Он решил, что потомок тяжеловоза больше прочих подходит для крылатой прогулки. Да и выглядит эффектно, классический пегас с тех музейных шедевров, когда великий художник рисует только лица и намечает фигуру в седле, а завершать конский круп доверяет своим ученикам.
В проходе Меркурий сосредоточенно седлал Белого Танца. Увидел на вальтрапе крошечную дырочку – поменял его на другой. Дырочка на вальтрапе! Афанасий глазам своим не верил. Сколько раз Меркурий не брезговал вальтрапом, состоящим вообще из одних дыр. Он даже копыта Белому Танцу взялся вычищать, хотя можно было ограничиться беглым осмотром.
Меркурий чистил копыта, выбирая малейшие следы навоза и опилок, и ловил себя на том, что медлит, боясь получить окончательный ответ. Чего бы человек ни внушал себе или другим, он всегда живет надеждами. Пока человек юн, они обычно связаны с поисками того самого единственного (той самой), затем с детьми, потом с реализацией в работе, потом человек, случается, открывает для себя небо. Но одно правило универсально – мечты не могут съеживаться. Если ты служил большой мечте, ты никогда уже не сможешь с полным самозабвением служить мечте малой.
Однако случается и другое. Бывает, что самая первая мечта огромна и велика, перевешивает остальные и одна потом освещает всю жизнь. Так случилось и с Меркурием, когда однажды на полосе обоев, там, где солнечный свет, дробясь в листве, отбрасывал странствующий блик, он увидел золотую пчелу. Чего он с ней ни делал поначалу, как ни испытывал бесконечное пчелиное терпение! Даже зарядил ее как-то в дедову двустволку и выстрелил в ворота сарая. И долго потом разглядывал отметины застрявшей в досках дроби, а между расплющенными свинцовыми шариками – залипшую в древесине золотую пчелу. Но потом всегда берег ее и любил. Вот уже многие годы пчела всегда была с ним, хотя с годами и потускнела, приобретя оттенок самоварной меди.
Когда Афанасий выводил из пегасни Аскольда, Меркурий поднял на него глаза.
– Осторожнее. В болоте. Говорят, кипит, – сказал он.
У Афанасия не хватило духу признаться, что нырять он сегодня не собирается. В конце концов на двушке легко можно и не встретиться. Недаром Арсений Тартилло, шныр-мечтатель, любил говорить, что та часть двушки, которая известна до сих пор – лишь серебряная, кисточкой нарисованная кайма на краешке огромного блюда, а остальное блюдо и то, что лежит на нем, – где-то там, в неведомости.

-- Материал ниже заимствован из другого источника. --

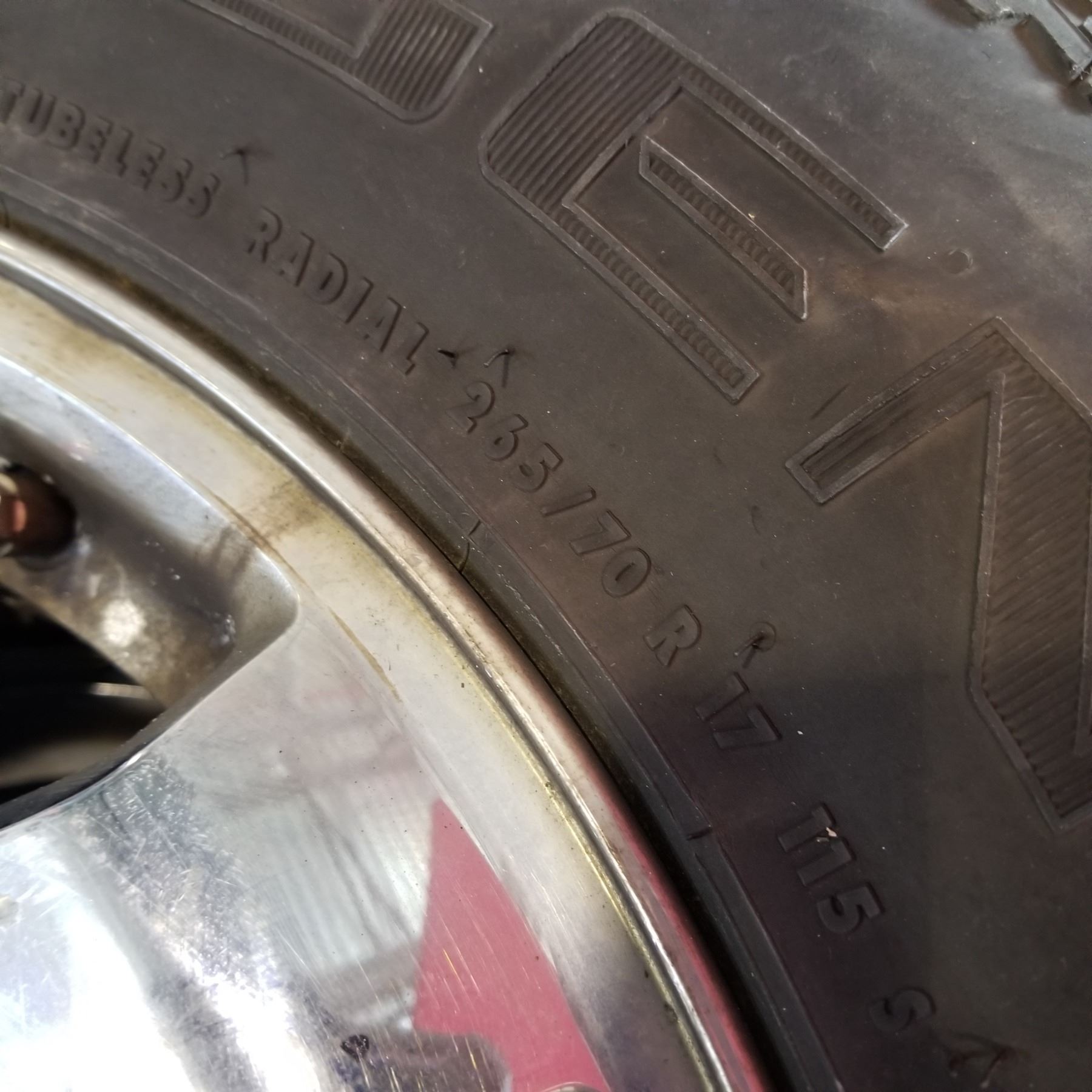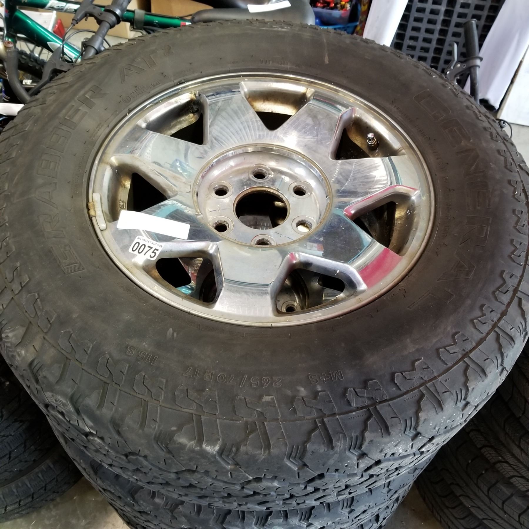 SET OF 4 GENERAL GRABBER AT2 265/70 R17 TIRES ON 6 BOLT RIMS

Афанасий выскользнул из пегасни – насколько можно было выскользнуть с жеребцом, каждый шаг которого по бетонному полу был как удар молотом по наковальне. Набрав почти предельную высоту, которой хватило бы и для нырка, Афанасий покинул защитные границы ШНыра. Здесь он сперва полетел на север и только потом повернул на восток, к Москве. Старался избегать привычных шныровских маршрутов, где его проще было засечь.

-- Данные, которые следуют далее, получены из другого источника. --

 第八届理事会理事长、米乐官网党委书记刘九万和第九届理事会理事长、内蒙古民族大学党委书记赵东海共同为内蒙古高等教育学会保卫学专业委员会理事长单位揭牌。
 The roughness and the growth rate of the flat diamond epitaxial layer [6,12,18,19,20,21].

Ул утверждал, что ведьмари в последние дни сильно активизировались, в Копытово полно странных личностей, а в небе – боевых двоек. В этих обстоятельствах прогулку с Гулей стоило вообще отложить, но существовала еще одна причина, главная, по которой Афанасий откладывать ее не хотел.
Он собирался пролететь над закладкой, которая освободила бы Гулю от ее личинки. Таких закладок в Москве было немало, и самые сильные могли подействовать даже на приличной высоте. Правда, существовал риск, что, оказавшись над закладкой, Гуля запаникует, будет биться, а то и вовсе попытается спрыгнуть. Однако Афанасий надеялся, что все произойдет быстро. Сильная закладка прикончит личинку мгновенно.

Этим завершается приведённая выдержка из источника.